* **REQUIREMENT**:
Without the images, repeat every line of the listing exactly.

* **EXERCISE DATA**:
• • • •

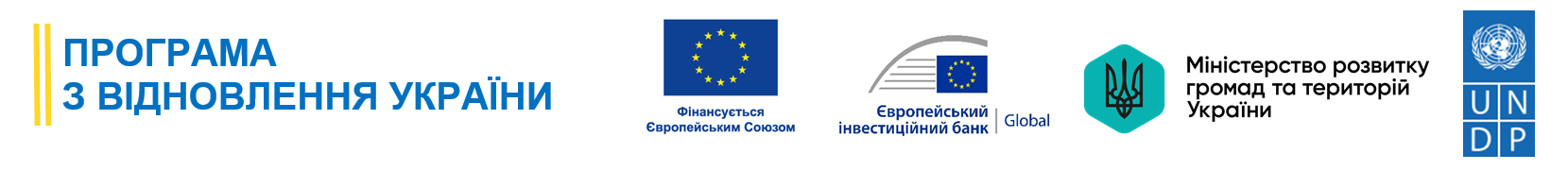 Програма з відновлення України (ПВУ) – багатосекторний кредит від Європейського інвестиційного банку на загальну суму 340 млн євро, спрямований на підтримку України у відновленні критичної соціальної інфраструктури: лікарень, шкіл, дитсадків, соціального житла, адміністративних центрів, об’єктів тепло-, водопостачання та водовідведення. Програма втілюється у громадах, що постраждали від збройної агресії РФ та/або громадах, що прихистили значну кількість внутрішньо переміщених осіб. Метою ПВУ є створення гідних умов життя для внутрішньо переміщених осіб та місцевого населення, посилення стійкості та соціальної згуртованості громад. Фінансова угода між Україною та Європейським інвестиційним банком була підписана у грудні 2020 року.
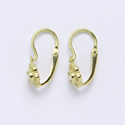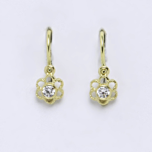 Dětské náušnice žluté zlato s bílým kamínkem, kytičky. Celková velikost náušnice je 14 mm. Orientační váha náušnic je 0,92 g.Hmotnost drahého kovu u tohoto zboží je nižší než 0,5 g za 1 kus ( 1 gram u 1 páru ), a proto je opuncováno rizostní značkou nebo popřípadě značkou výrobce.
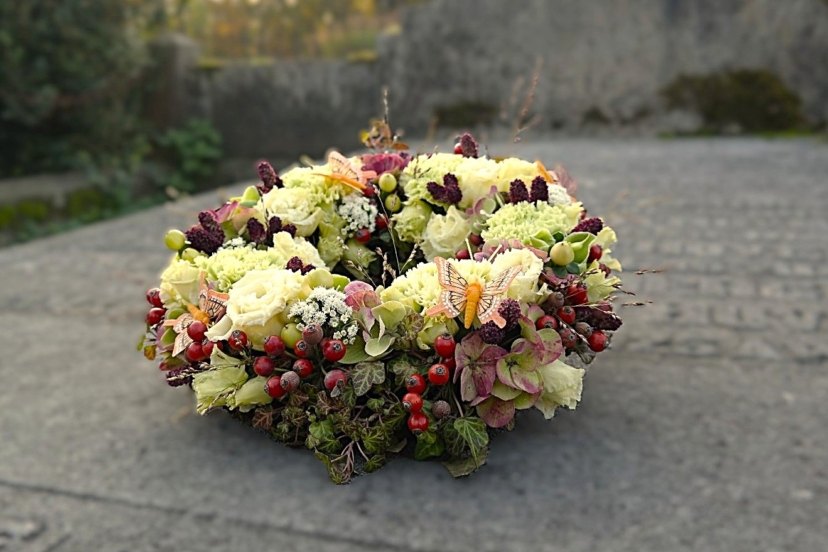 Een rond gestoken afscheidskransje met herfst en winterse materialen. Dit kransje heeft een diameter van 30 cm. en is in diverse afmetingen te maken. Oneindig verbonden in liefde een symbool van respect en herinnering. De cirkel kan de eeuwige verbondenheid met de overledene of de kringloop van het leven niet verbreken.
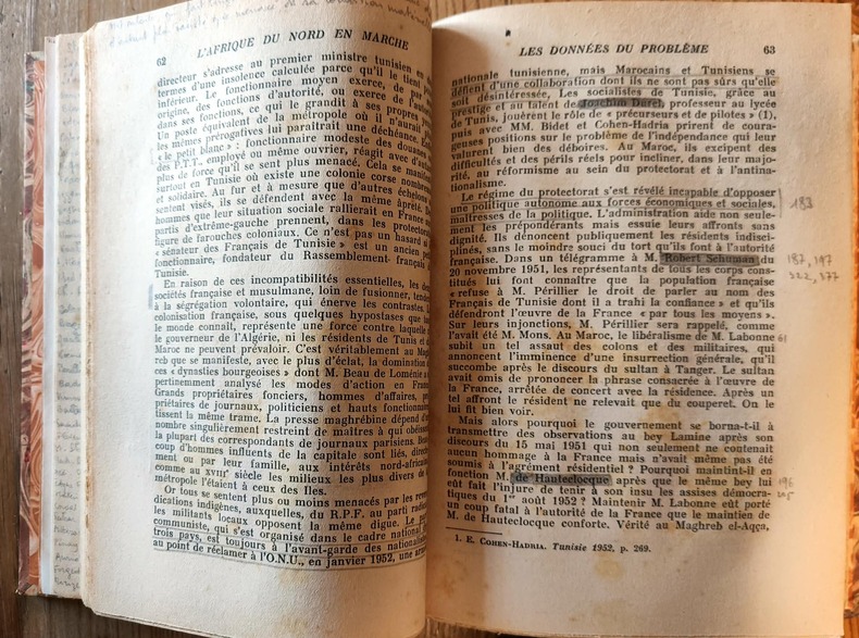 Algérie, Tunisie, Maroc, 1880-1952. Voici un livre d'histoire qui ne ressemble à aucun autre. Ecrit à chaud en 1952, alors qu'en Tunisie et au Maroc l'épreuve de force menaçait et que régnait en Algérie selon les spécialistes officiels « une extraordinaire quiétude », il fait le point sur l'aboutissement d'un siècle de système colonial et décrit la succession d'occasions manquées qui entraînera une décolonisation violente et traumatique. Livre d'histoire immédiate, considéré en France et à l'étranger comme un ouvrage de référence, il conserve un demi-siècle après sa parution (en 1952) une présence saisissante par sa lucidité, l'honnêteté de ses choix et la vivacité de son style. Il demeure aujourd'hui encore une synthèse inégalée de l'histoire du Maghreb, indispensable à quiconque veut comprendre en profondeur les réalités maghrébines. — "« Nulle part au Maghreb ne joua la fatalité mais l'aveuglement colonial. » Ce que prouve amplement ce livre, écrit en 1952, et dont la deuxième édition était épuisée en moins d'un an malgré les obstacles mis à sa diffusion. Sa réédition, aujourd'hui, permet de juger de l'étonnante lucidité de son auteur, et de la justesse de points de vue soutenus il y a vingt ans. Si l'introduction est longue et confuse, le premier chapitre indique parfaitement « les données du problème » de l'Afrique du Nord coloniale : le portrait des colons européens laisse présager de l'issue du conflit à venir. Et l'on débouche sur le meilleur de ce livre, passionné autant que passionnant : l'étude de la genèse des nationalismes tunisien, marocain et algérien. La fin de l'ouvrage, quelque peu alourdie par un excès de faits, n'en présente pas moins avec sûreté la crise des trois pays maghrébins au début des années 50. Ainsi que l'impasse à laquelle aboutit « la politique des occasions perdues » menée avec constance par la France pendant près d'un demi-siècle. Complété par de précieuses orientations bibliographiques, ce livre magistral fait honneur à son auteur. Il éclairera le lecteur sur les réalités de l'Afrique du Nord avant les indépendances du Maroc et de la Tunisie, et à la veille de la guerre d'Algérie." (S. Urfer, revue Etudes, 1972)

• • • •

* **WRITTEN REPLY**:
 Програма з відновлення України (ПВУ) – багатосекторний кредит від Європейського інвестиційного банку на загальну суму 340 млн євро, спрямований на підтримку України у відновленні критичної соціальної інфраструктури: лікарень, шкіл, дитсадків, соціального житла, адміністративних центрів, об’єктів тепло-, водопостачання та водовідведення. Програма втілюється у громадах, що постраждали від збройної агресії РФ та/або громадах, що прихистили значну кількість внутрішньо переміщених осіб. Метою ПВУ є створення гідних умов життя для внутрішньо переміщених осіб та місцевого населення, посилення стійкості та соціальної згуртованості громад. Фінансова угода між Україною та Європейським інвестиційним банком була підписана у грудні 2020 року.
 Dětské náušnice žluté zlato s bílým kamínkem, kytičky. Celková velikost náušnice je 14 mm. Orientační váha náušnic je 0,92 g.Hmotnost drahého kovu u tohoto zboží je nižší než 0,5 g za 1 kus ( 1 gram u 1 páru ), a proto je opuncováno rizostní značkou nebo popřípadě značkou výrobce.
 Een rond gestoken afscheidskransje met herfst en winterse materialen. Dit kransje heeft een diameter van 30 cm. en is in diverse afmetingen te maken. Oneindig verbonden in liefde een symbool van respect en herinnering. De cirkel kan de eeuwige verbondenheid met de overledene of de kringloop van het leven niet verbreken.
 Algérie, Tunisie, Maroc, 1880-1952. Voici un livre d'histoire qui ne ressemble à aucun autre. Ecrit à chaud en 1952, alors qu'en Tunisie et au Maroc l'épreuve de force menaçait et que régnait en Algérie selon les spécialistes officiels « une extraordinaire quiétude », il fait le point sur l'aboutissement d'un siècle de système colonial et décrit la succession d'occasions manquées qui entraînera une décolonisation violente et traumatique. Livre d'histoire immédiate, considéré en France et à l'étranger comme un ouvrage de référence, il conserve un demi-siècle après sa parution (en 1952) une présence saisissante par sa lucidité, l'honnêteté de ses choix et la vivacité de son style. Il demeure aujourd'hui encore une synthèse inégalée de l'histoire du Maghreb, indispensable à quiconque veut comprendre en profondeur les réalités maghrébines. — "« Nulle part au Maghreb ne joua la fatalité mais l'aveuglement colonial. » Ce que prouve amplement ce livre, écrit en 1952, et dont la deuxième édition était épuisée en moins d'un an malgré les obstacles mis à sa diffusion. Sa réédition, aujourd'hui, permet de juger de l'étonnante lucidité de son auteur, et de la justesse de points de vue soutenus il y a vingt ans. Si l'introduction est longue et confuse, le premier chapitre indique parfaitement « les données du problème » de l'Afrique du Nord coloniale : le portrait des colons européens laisse présager de l'issue du conflit à venir. Et l'on débouche sur le meilleur de ce livre, passionné autant que passionnant : l'étude de la genèse des nationalismes tunisien, marocain et algérien. La fin de l'ouvrage, quelque peu alourdie par un excès de faits, n'en présente pas moins avec sûreté la crise des trois pays maghrébins au début des années 50. Ainsi que l'impasse à laquelle aboutit « la politique des occasions perdues » menée avec constance par la France pendant près d'un demi-siècle. Complété par de précieuses orientations bibliographiques, ce livre magistral fait honneur à son auteur. Il éclairera le lecteur sur les réalités de l'Afrique du Nord avant les indépendances du Maroc et de la Tunisie, et à la veille de la guerre d'Algérie." (S. Urfer, revue Etudes, 1972)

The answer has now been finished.